Veröffentlicht am 25. März 2018 in der Kategorie Aus aller Welt

Über viereinhalb Jahre segeln Captain Ben und Smutje Hannes auf ihrer Neun-Meter-Nussschale MARIANNE um die Welt, um bei jeden Landgang Musik aufzunehmen. Ohne Bart und fast ohne jegliche Segelerfahrung – aber mit online Segelkurs!

An Bord haben die frischgebackenen Toningenieure neben Wäschekörben voller Reis und Bohnen auch ein mobiles Studio untergebracht. Tagsüber fischen sie, nachts umgibt sie das schwarze Nichts – und manchmal müssen sie ihre mp3-Player voll aufdrehen, um die Gedanken an die haushohen Wellen und die hunderte Meilen entfernte Küste zu übertönen.

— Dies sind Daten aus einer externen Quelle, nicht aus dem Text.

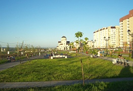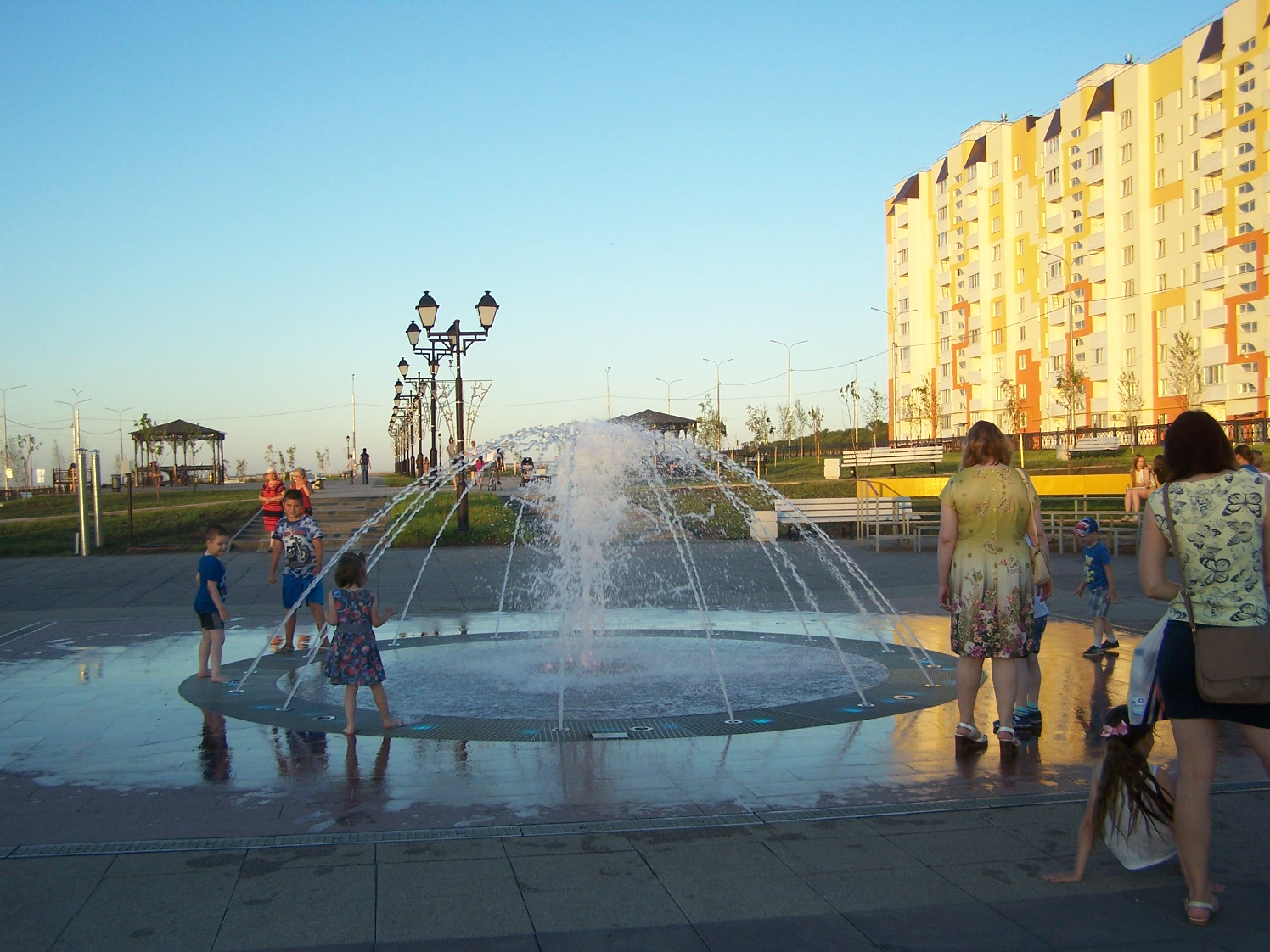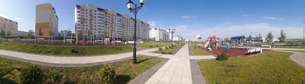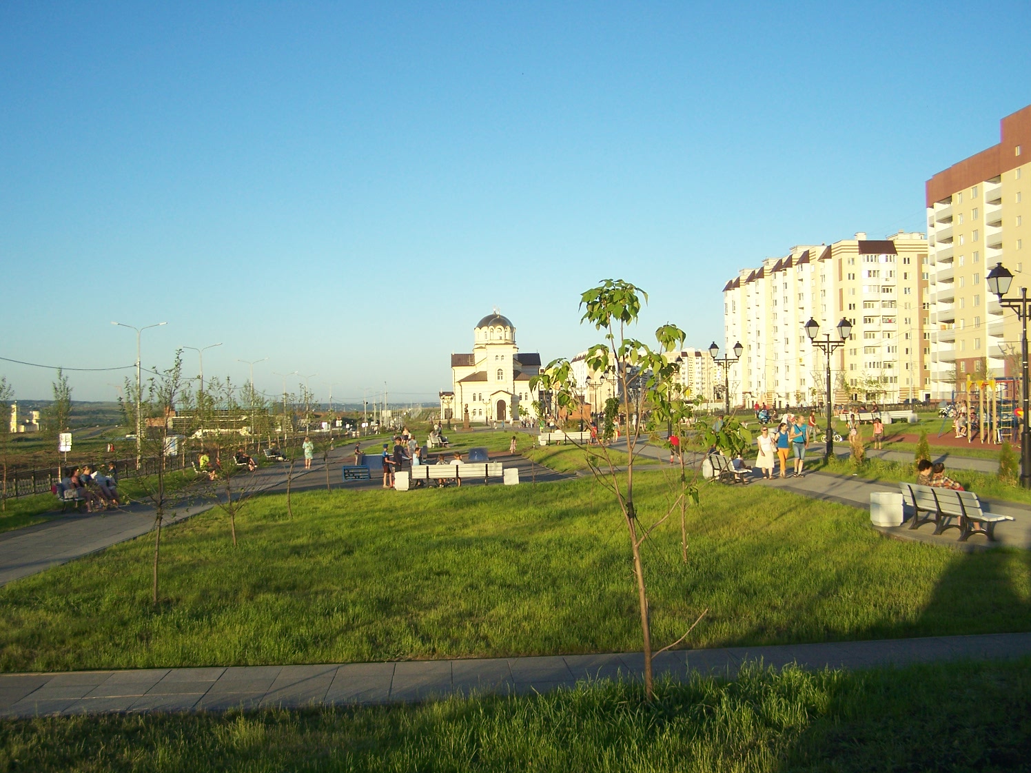 Очень длинный бульвар, достаточно новый, много детских и спортивных площадок, фонтаны, церковь, прокат самокатов, беседки для пикника с мангалами в конце аллеи, современный туалет
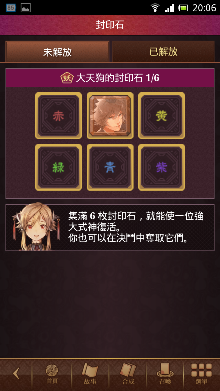 ◆ 收集全一套6个的封印石后,可以获得其中的式神,通常素质都不错

Captain Ben und Smutje Hannes erklären euch kurz, worum es bei den Sailing Counductors geht:

Wenn sie anlegen, sitzen sie gemeinsam mit lokalen Musikern in fremden Häfen und nehmen auf, wen sie vor das Mikro bekommen. In ihrem schwimmenden Studio MARIANNE mischen sie dann die Aufnahmen von internationalen Musikern zusammen, die sich nie in ihrem Leben begegnet sind und kreieren so einzigartige Songs.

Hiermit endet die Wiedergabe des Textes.